__TASK REQUIREMENTS__.
Before anything else, drop the pictures; then return exactly the lines from the top of the listing through the line with "Tapis de Porte".

Top of DATASET EXCERPT

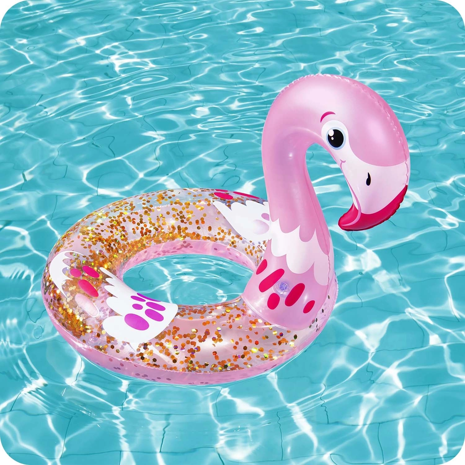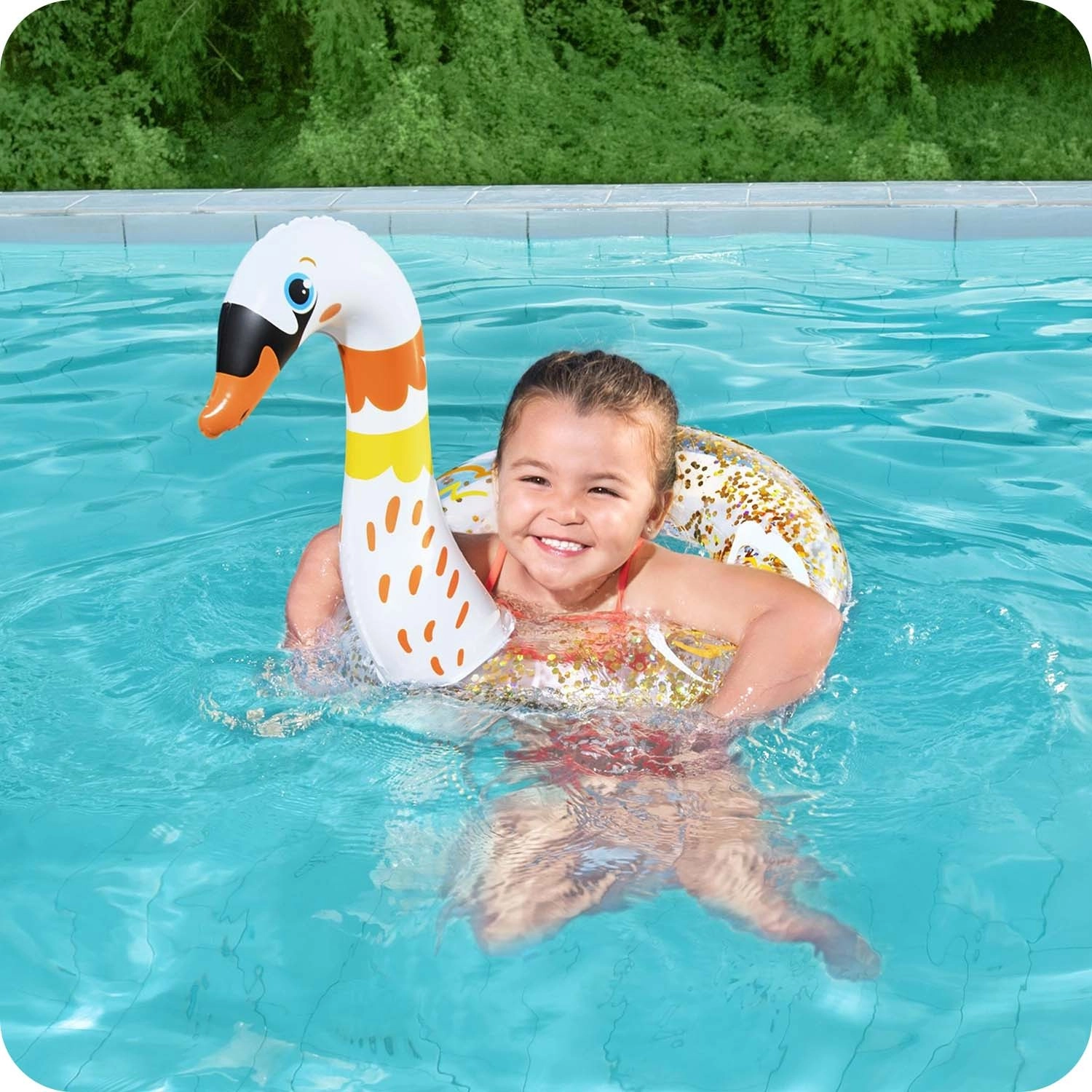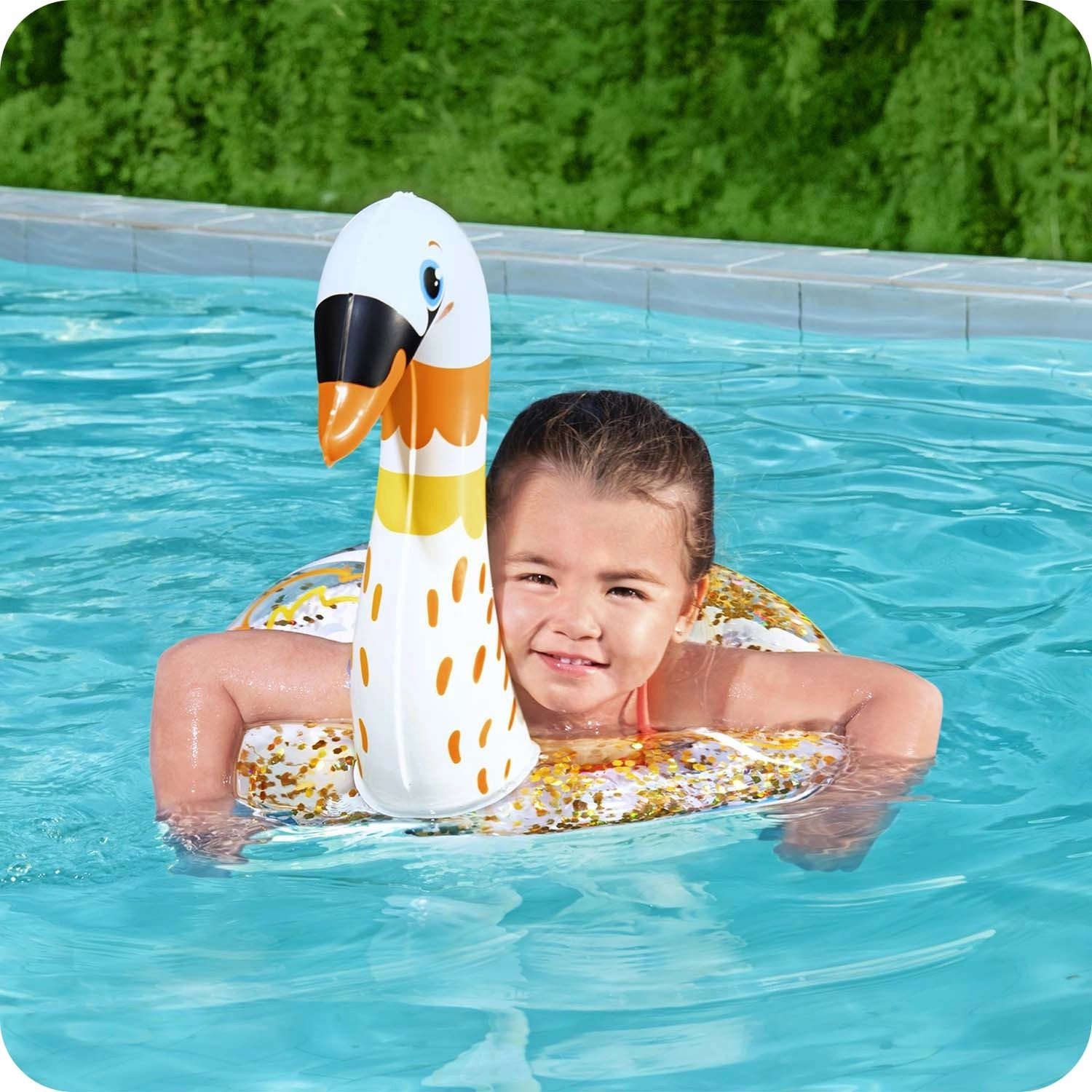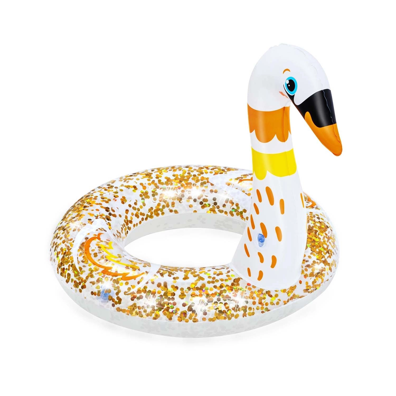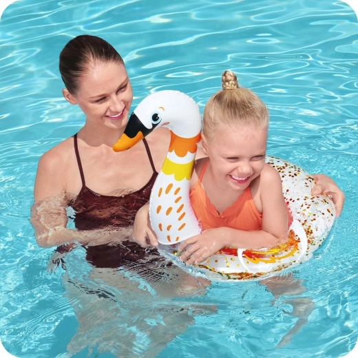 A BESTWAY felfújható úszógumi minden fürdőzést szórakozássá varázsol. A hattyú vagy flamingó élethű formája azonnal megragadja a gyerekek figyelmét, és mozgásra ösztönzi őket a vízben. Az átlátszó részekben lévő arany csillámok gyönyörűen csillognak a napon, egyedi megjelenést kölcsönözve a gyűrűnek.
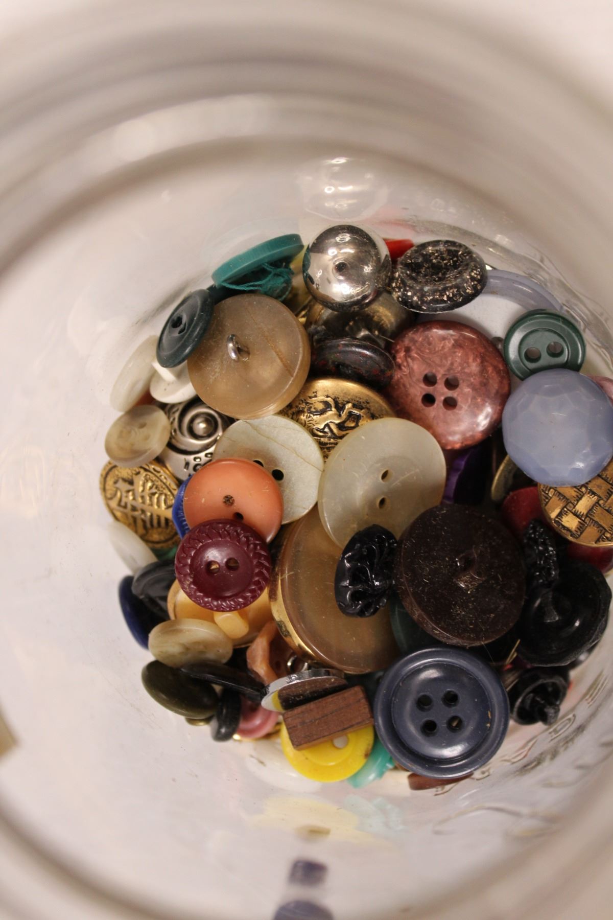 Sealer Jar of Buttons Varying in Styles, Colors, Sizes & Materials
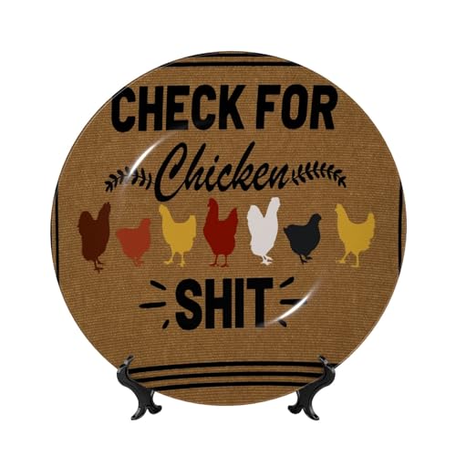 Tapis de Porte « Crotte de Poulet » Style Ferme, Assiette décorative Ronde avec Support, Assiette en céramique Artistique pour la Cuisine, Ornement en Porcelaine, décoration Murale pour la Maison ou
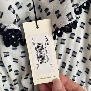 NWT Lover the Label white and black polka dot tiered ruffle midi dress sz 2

Bottom of DATASET EXCERPT

__RESPONSE TO THE TASK__.
 A BESTWAY felfújható úszógumi minden fürdőzést szórakozássá varázsol. A hattyú vagy flamingó élethű formája azonnal megragadja a gyerekek figyelmét, és mozgásra ösztönzi őket a vízben. Az átlátszó részekben lévő arany csillámok gyönyörűen csillognak a napon, egyedi megjelenést kölcsönözve a gyűrűnek.
 Sealer Jar of Buttons Varying in Styles, Colors, Sizes & Materials
 Tapis de Porte « Crotte de Poulet » Style Ferme, Assiette décorative Ronde avec Support, Assiette en céramique Artistique pour la Cuisine, Ornement en Porcelaine, décoration Murale pour la Maison ou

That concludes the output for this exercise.